* _PROBLEM_
Leave the images aside and copy out the whole listing, exact to the word.

* _DATA_
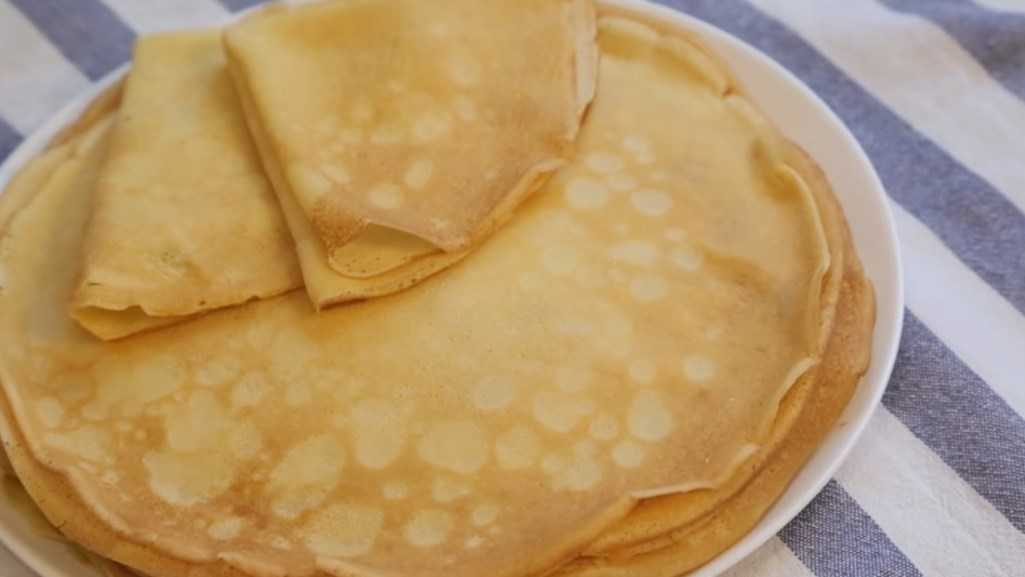Видео о том, как приготовить сладкие блины на молоке с дырочками без яиц быстро
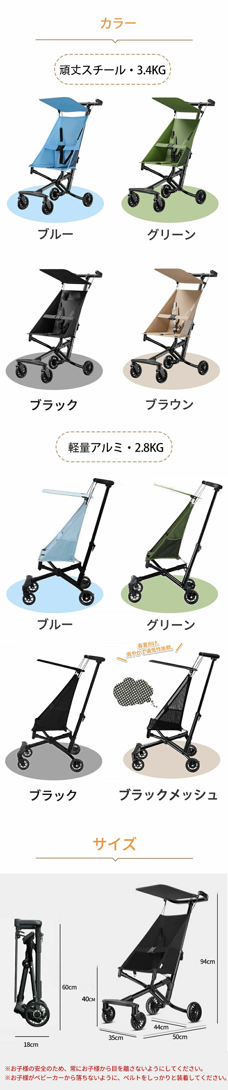 コンパクト ベビーカー 軽量 折りたた ベビー ベビーカー ベビーカー本体 新登場! 軽量アルミ・2.8kg 頑丈スチール・3.4kg ブラック ブラウン グリーン ブルー ブラックメッシュ
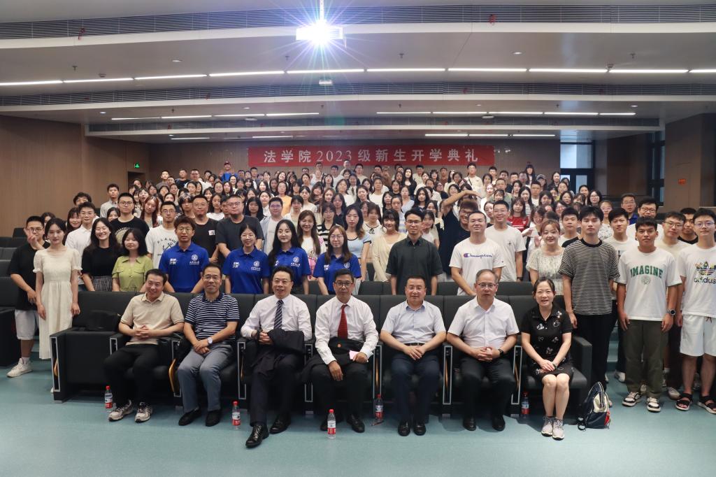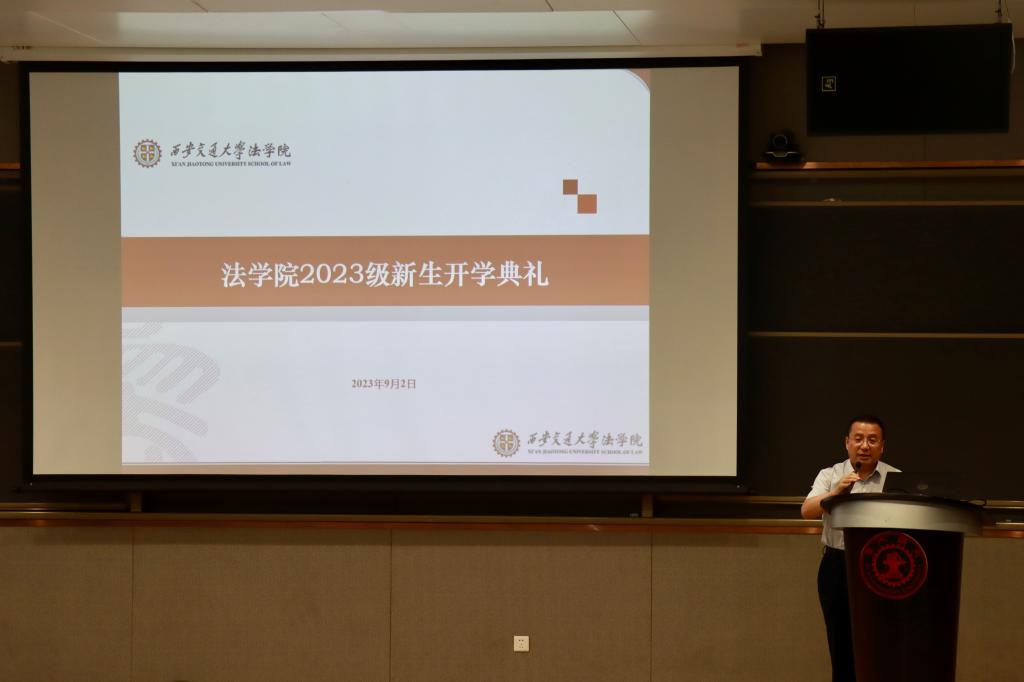9月2日下午,西安交通大学法学院2023级新生开学典礼在涵英楼东辅楼5-1E105召开。校长助理、法学院院长单文华教授,法学院党总支书记王保民教授,副院长李万强教授,副院长丁卫副教授,民商法研究所所长吴国喆教授,学生工作专职委员张乃钟老师,2023级本科生班主任苟学珍老师,学院教务老师,辅导员老师,112名硕博研究生新生、85名本科生新生,以及部分家长共同参加了开学典礼。典礼由副院长李万强教授主持。
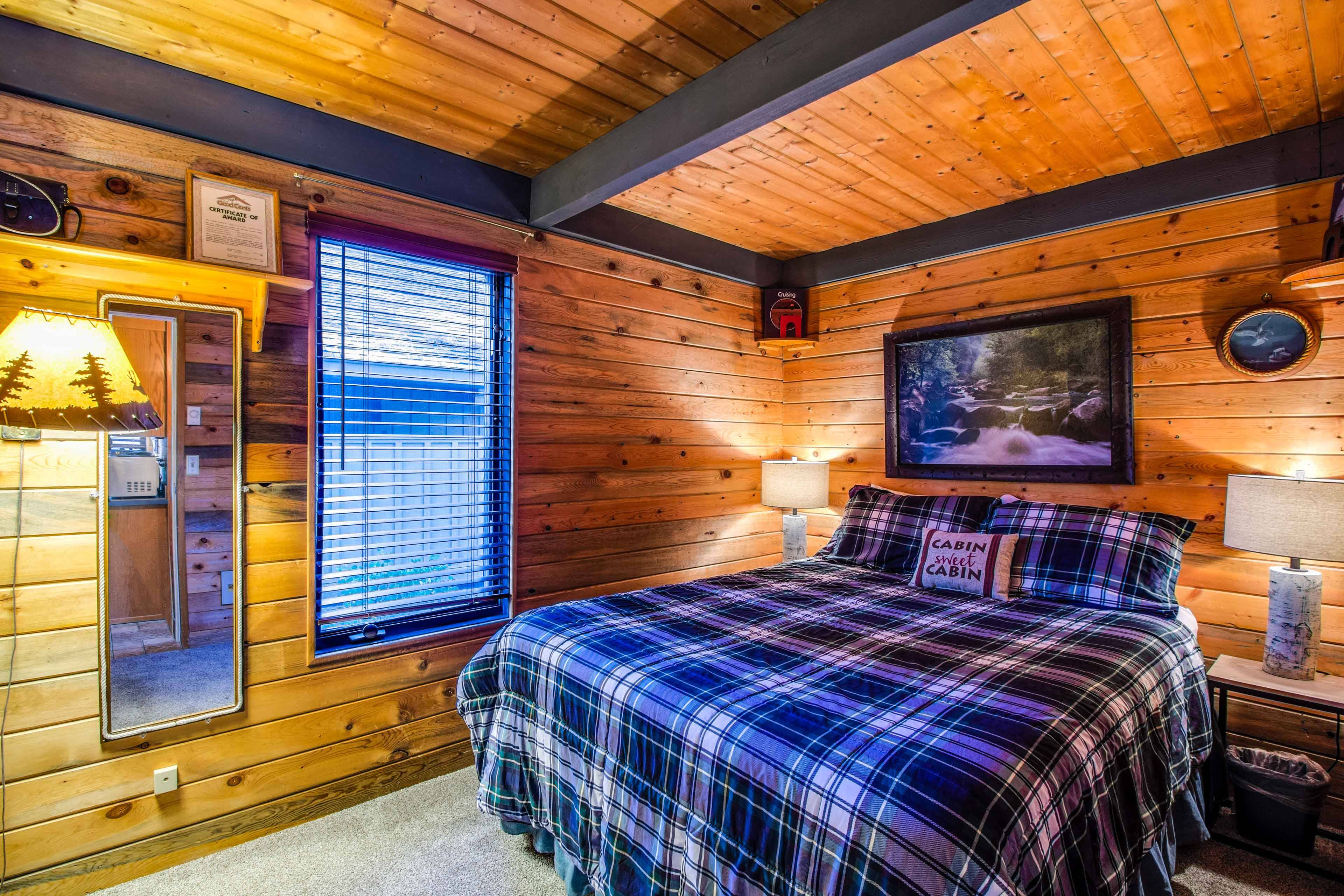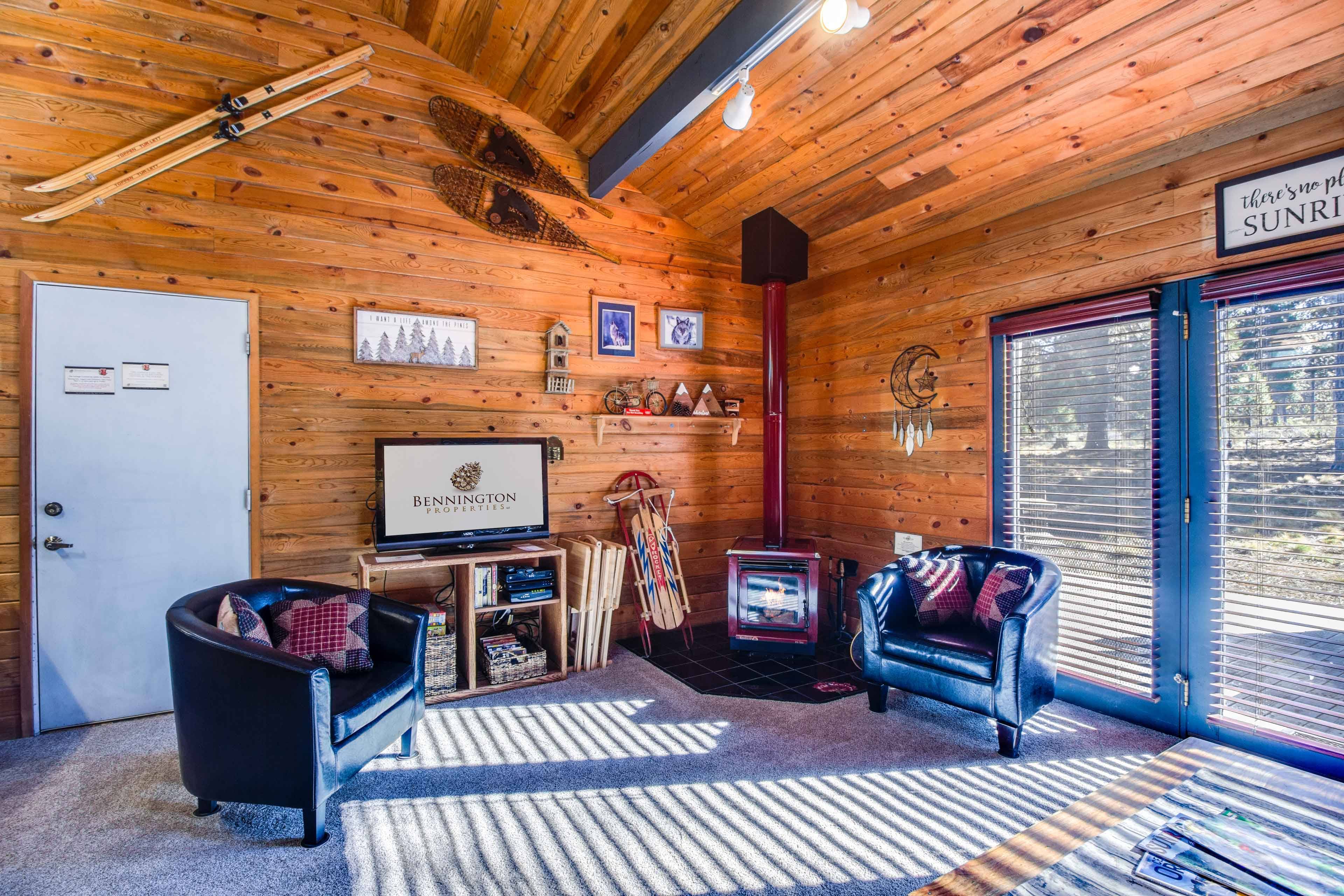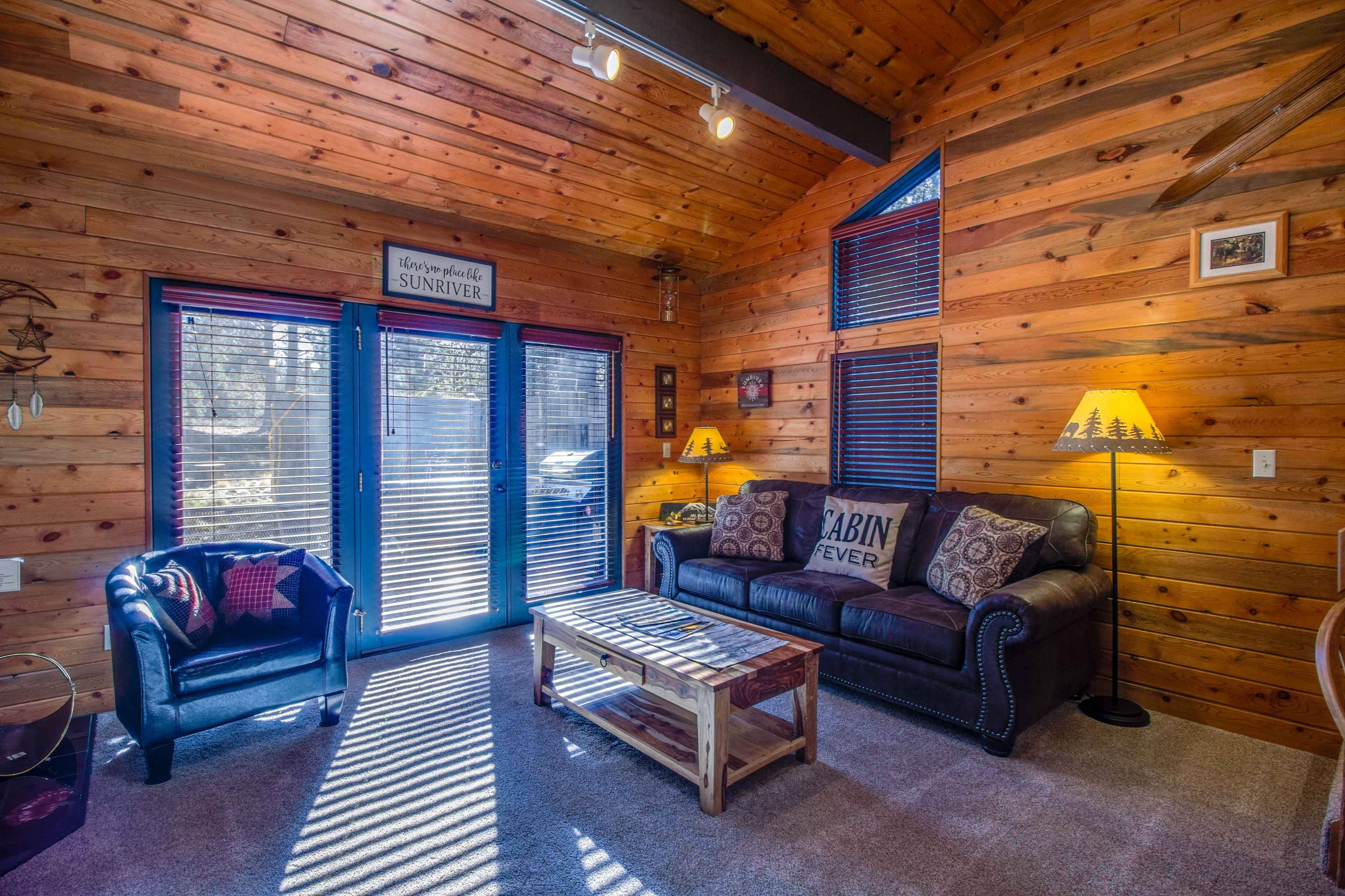 Darling mountain cabin located within walking distance of the Sunriver Village. The open floor plan and wood details lend to this home’s mountain charm. The open floor plan on the main level includes the living room with wood fireplace, cable TV and DVD player, a queen-sized sleeper sofa, the dining room with seating for 4 and the fully-stocked kitchen with seating for 2 more at the counter. On this level is a bedroom with a queen bed and full bathroom. The living room only has air conditioning.

* _ANSWER FOR THE TASK_
Видео о том, как приготовить сладкие блины на молоке с дырочками без яиц быстро
 コンパクト ベビーカー 軽量 折りたた ベビー ベビーカー ベビーカー本体 新登場! 軽量アルミ・2.8kg 頑丈スチール・3.4kg ブラック ブラウン グリーン ブルー ブラックメッシュ
9月2日下午,西安交通大学法学院2023级新生开学典礼在涵英楼东辅楼5-1E105召开。校长助理、法学院院长单文华教授,法学院党总支书记王保民教授,副院长李万强教授,副院长丁卫副教授,民商法研究所所长吴国喆教授,学生工作专职委员张乃钟老师,2023级本科生班主任苟学珍老师,学院教务老师,辅导员老师,112名硕博研究生新生、85名本科生新生,以及部分家长共同参加了开学典礼。典礼由副院长李万强教授主持。
 Darling mountain cabin located within walking distance of the Sunriver Village. The open floor plan and wood details lend to this home’s mountain charm. The open floor plan on the main level includes the living room with wood fireplace, cable TV and DVD player, a queen-sized sleeper sofa, the dining room with seating for 4 and the fully-stocked kitchen with seating for 2 more at the counter. On this level is a bedroom with a queen bed and full bathroom. The living room only has air conditioning.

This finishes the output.